Broad Area Colloquium For AI-Geometry-Graphics-Robotics-Vision
Geometric Approximation Using Coresets
Pankaj Agarwal, Duke University
January 10, 2005, 4:15PM
The paradigm of coresets has recently emerged as a powerful tool
for efficiently approximating various extent measures of a point set.
Extent is an abstraction that
includes as special cases the diameter, width, and smallest bounding
box, ball, or cylinder. For a given tolerance, the technique
computes a ``core'' subset of the input points that approximates the
the whole set. It is shown that for a wide range of
interesting measures, the size of the coreset depends upon
epsilon but is independent of the size of the input set, and for any fixed
tolerance, the coreset can be computed in linear time. The technique
extends to maintaining an approximation of the extent of
moving points and of points given online in the streaming model.

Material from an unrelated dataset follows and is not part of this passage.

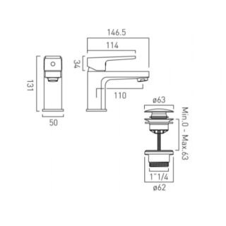 Vado Axces Ekko Mini Mono Basin Mixer Tap With Push Basin Waste - Chrome

The technique also allows fitting various shapes and for
clustering. Various extensions of this technique and open problems
are also discussed.
About the Speaker
Dr. Agarwal earned his PhD in Computer Science from the
Courant Institute of Mathematical Sciences at New York
University. He joined the Department of Computer Science of Duke
University in 1989 where he is now the Chair and Earl D. McLean, Jr.,
Professor of Computer Science and Professor of Mathematics.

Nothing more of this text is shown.